The binding of Borealin to microtubules underlies a tension independent kinetochore-microtubule error correction pathway.

机构信息

Department of Cell Biology, University of Virginia, Charlottesville, 22908, VA, USA.

Department of Physiology, Perelman School of Medicine, University of Pennsylvania, Philadelphia, 19104, PA, USA.

出版信息

Nat Commun. 2019 Feb 8;10(1):682. doi: 10.1038/s41467-019-08418-4.

Abstract

Proper chromosome segregation depends upon kinetochore phosphorylation by the Chromosome Passenger Complex (CPC).
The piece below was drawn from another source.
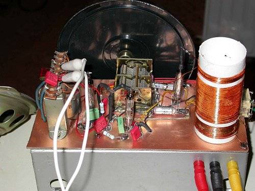 Die 6N28B ist eine Doppeltriode mit 6,3 V Heizspannung und etwa 220 mA Heizstrom, empfohlener Anodenspannung von 50 V und ca. 1 W Anodenverlustleistung pro System. Versuche mit einer Betriebsspannung von 36 V brachten mehr Lautstärke als mit 18 V. Die Schwingkreisspule für Kurzwelle wird zusätzlich mit einem Ferritstab abgestimmt, was den Empfangsbereich stark erweitert.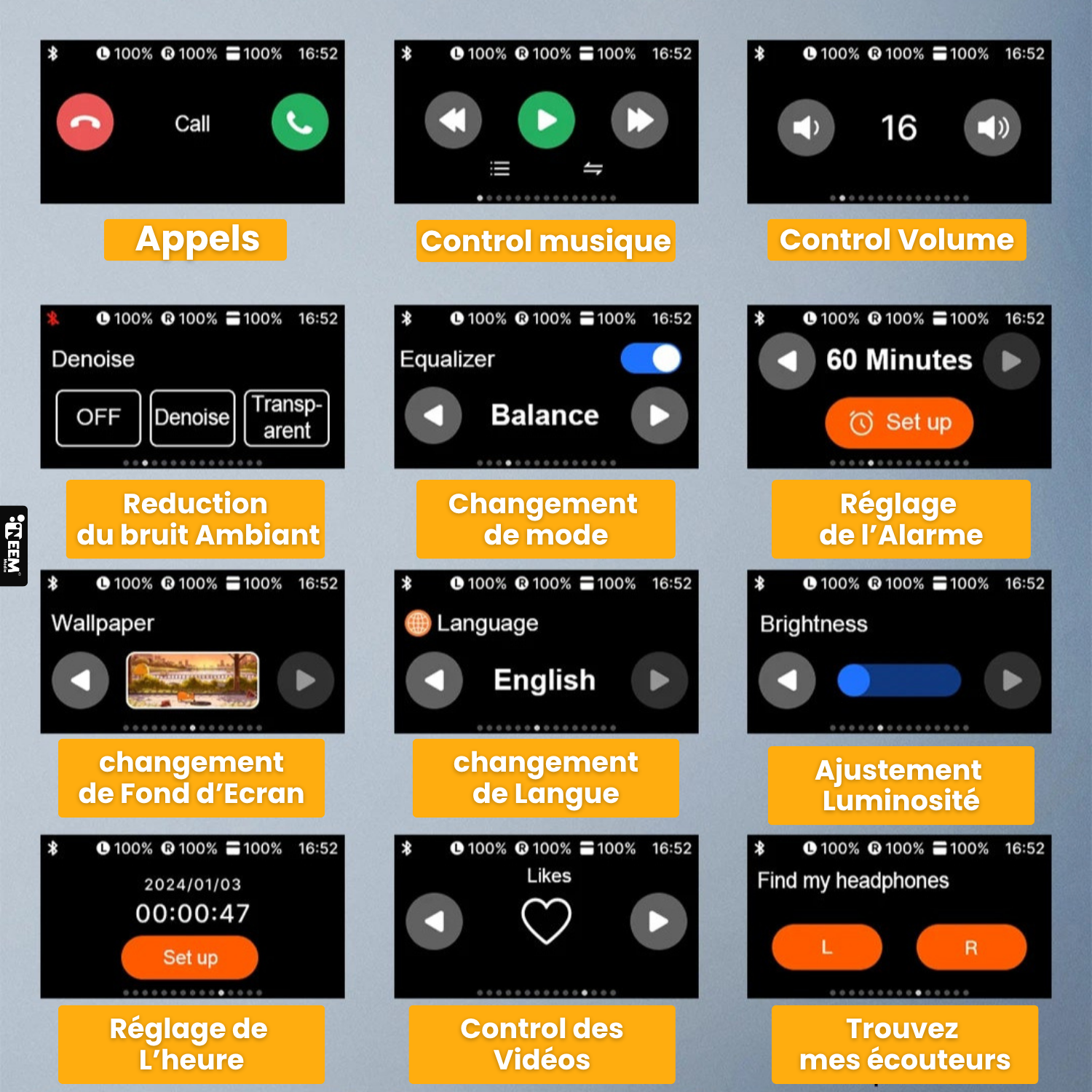 14 fonctions : volume, égaliseur, localisation écouteurs, réveil, assistant vocal, minuterie, caméra, fond d’écran, etc.

Current models suggest the activity of the CPC decreases in response to the inter-kinetochore stretch that accompanies the formation of bi-oriented microtubule attachments, however little is known about tension-independent CPC phosphoregulation. Microtubule bundles initially lie in close proximity to inner centromeres and become depleted by metaphase. Here we find these microtubules control kinetochore phosphorylation by the CPC in a tension independent manner via a microtubule-binding site on the Borealin subunit. Disruption of Borealin-microtubule interactions generates reduced phosphorylation of prometaphase kinetochores, improper kinetochore-microtubule attachments and weakened spindle checkpoint signals. Experimental and modeling evidence suggests that kinetochore phosphorylation is greatly stimulated when the CPC binds microtubules that lie near the inner centromere, even if kinetochores have high inter-kinetochore stretch. We propose the CPC senses its local environment through microtubule structures to control phosphorylation of kinetochores.

摘要

正确的染色体分离依赖于着丝粒激酶复合物(CPC)对动粒的磷酸化。目前的模型表明,CPC 的活性会随着伴随双定向微管附着形成的动粒间拉伸而降低,但关于与张力无关的 CPC 磷酸化调节知之甚少。微管束最初与着丝粒内中心体紧密相邻,并在中期耗尽。在这里,我们发现这些微管通过着丝粒蛋白 Borealin 亚基上的微管结合位点以不依赖张力的方式控制 CPC 对动粒的磷酸化。破坏 Borealin-微管相互作用会导致前期动粒的磷酸化减少、动粒-微管附着不当和纺锤体检查点信号减弱。实验和建模证据表明,当 CPC 结合位于着丝粒内中心体附近的微管时,动粒的磷酸化会大大增强,即使动粒的动粒间拉伸较大。我们提出 CPC 通过微管结构感知其局部环境,以控制动粒的磷酸化。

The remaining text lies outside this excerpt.